Same argument for removing customer service with chatbots or AI. It's entirely untrue, and creates a much worse customer experience, but because people drop out your KPIs / NPS is based off of people who were willing to put up with shit to get to a real human.

DavidWoof|7 months ago

Give me an AI chatbot over someone with poor English skills reading a script any day of the week. My problem probably isn't unique, it's probably something fairly obvious that was vague in the instructions.

Now, the important thing is offer a way to upgrade to a human. But I have no problem at all starting with AI, in fact I honestly prefer it.

AnimalMuppet|7 months ago

Well... is a chatbot for customer service really all that much worse than a human who is not permitted to deviate from their script?

dfxm12|7 months ago

What is an AI interview going to glean that it can't already from a resume?

The power imbalance is already so far tipped to the employer side.
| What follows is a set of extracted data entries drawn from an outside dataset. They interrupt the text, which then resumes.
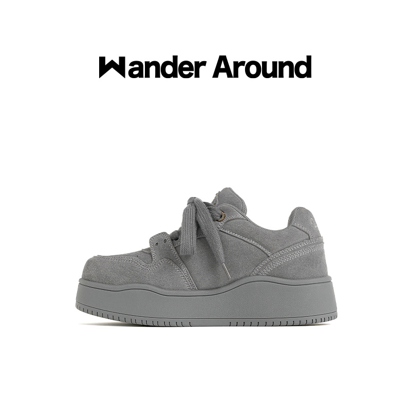【明星同款】Wander around 复古灰色厚底增高休闲板鞋男女同款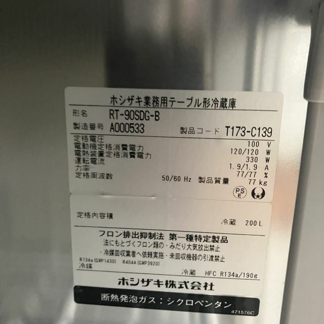 他の画像を見る 2021年製 ホシザキ パススルー冷蔵コールドテーブル RT-90SDG-B 大阪店 中古品 単相100V 定価 ¥ 798,600 のところ 販売価格 ¥ 110,000 税込 W900xD750xH800商品ランク:B カートに入れる お気に入りに登録する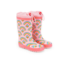 Παιδικές Γαλότσες με μοτίβο απο ουράνια τόξα σε ρόζ απόχρωση , με αντιολισθητική σόλα και κλείσιμο επάνω με κορδόνι περίσφυξης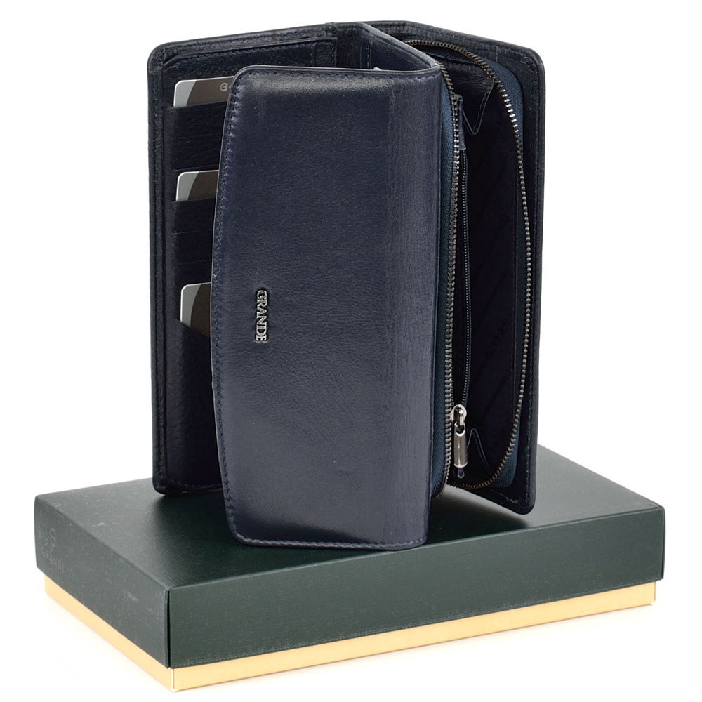 ДАМСКО ПОРТМОНЕ GRANDE ОТ ЕСТЕСТВЕНА КОЖА-2726-ТЪМНО СИНЬО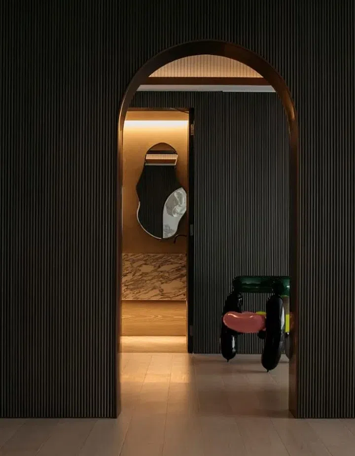 Special mention goes to the play area flanking the entrance foyer, accessible through an arched doorway — a feature repeated several times throughout the unit.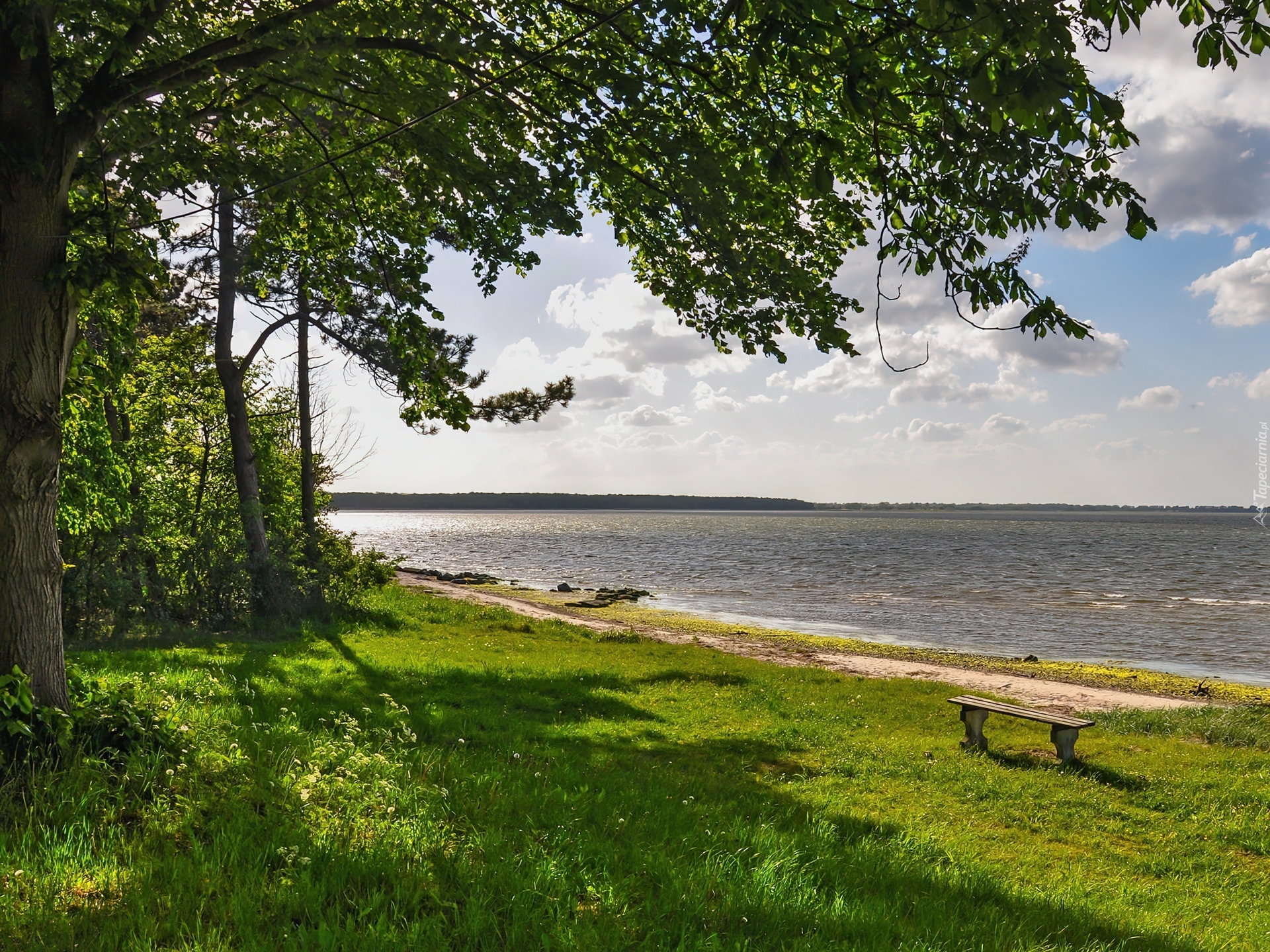 Edytor tapety: Jezioro, Ławka, Drzewo, Zieleń

This verbiage doesn't even consider the applicant a human with time worth saving or worth having meaningful conversations!

remyp|7 months ago

Gleaning information isn't the goal; whittling down deluge of applicants is. For the company, candidate time is free and manager time is massively expensive. The AI tools are cheaper than hiring more HR staff, so companies buy them lest they be haunted by the ghost of Milton Friedman.

Anybody who has been on the hiring side post-GPT knows why these AI tools are getting built: people and/or their bots are blind-applying to every job everywhere regardless of their skillset. The last mid-level Python dev job I posted had 300 applicants in the first hour, with 1/4 of them being from acupuncturists and restaurant servers who have never written a line of code. Sure, they're easy to screen out, but there are thousands to sift through.

Having said that, I don't like AI interview tools and will not be using them. I do understand why others do, though.

aflag|7 months ago

I don't want more time having meaningful conversations with human bosses. I just want to have a normal interview.

bluefirebrand|7 months ago

> But HR experts argue the opposite

Once again proving that somehow HR has become captured by bug people

adamors|7 months ago

That happened when they started to refer to people as “resources”.